地域の話題

守ろう子供の交通安全 きょうから春の運動

 春の全国交通安全運動が11日から20日まで全国一斉に行われる。松本市島立の県松本合同庁舎では10日に出陣式が開かれ、県松本地域振興局や松本市、松本警察署、松本交通安全協会など15機関・団体から約200人が参加し、悲惨な事故を一件でも減らすよう誓った。今月8日に大津市で園児2人が犠牲になる事故が発生したばかりということもあり、参加者たちは幼い命を守るための取り組みにあらためて意識を高めていた。

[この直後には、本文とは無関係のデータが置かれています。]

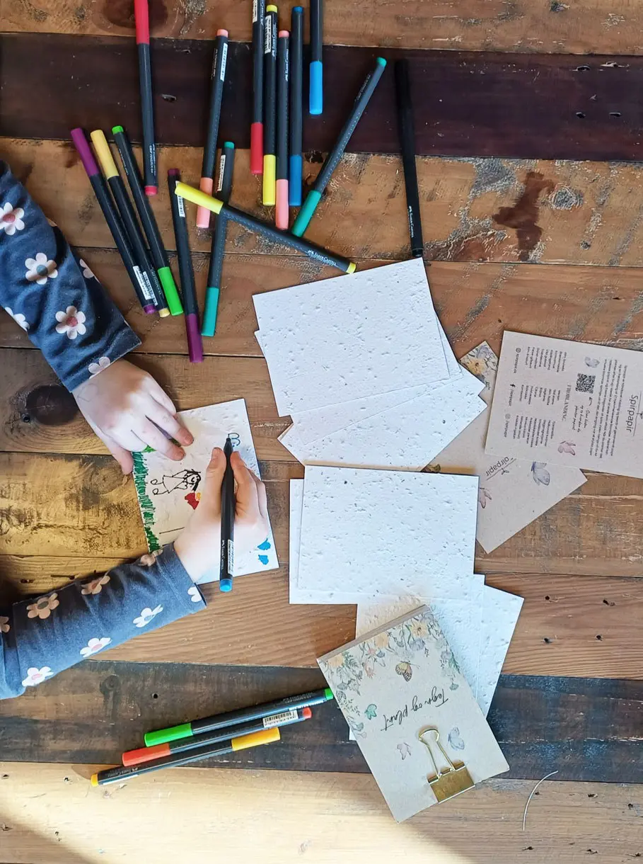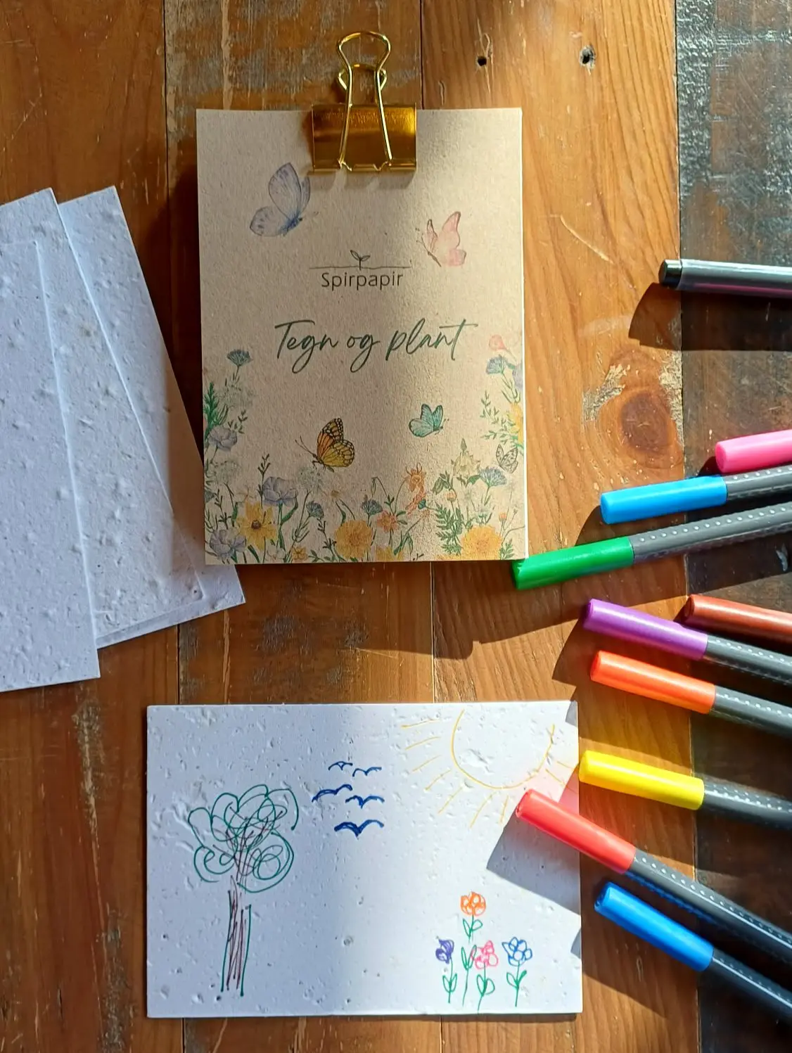 Spirpapir bruges til alt fra kort, invitationer og bordkort til notesblokke, frøbomber, kalendere og kreative papirark. Fælles for dem alle er, at de er håndlavede og skabt med omtanke for naturen – og med en lille overraskelse gemt i papiret.

 出陣式で整列した参加者を前に、松本市の菅谷昭市長は大津市の事故に触れ、「子供が新生活に慣れてくる時期。通学路などに一層の注意を」と呼び掛けた。松本署の倉科邦彦署長は大津市の事故を起こしたドライバーが50代と60代の女性で、高齢運転者や飲酒運転が引き起こした事故ではないことを示し、「事故は誰でも起こしうるもの」と述べ、全ての運転者に注意を促した。
 式の後には合同庁舎北の交差点で街頭啓発活動が行われた。参加者は信号待ちで停車した車のドライバーにティッシュなどの啓発品を手渡して、安全運転を呼び掛けていた。
 松本署管内では今年、9日現在で交通事故が376件(前年同期比20件減)発生しており、負傷者449人(同14人減)、死者1人(同増減なし)となっている。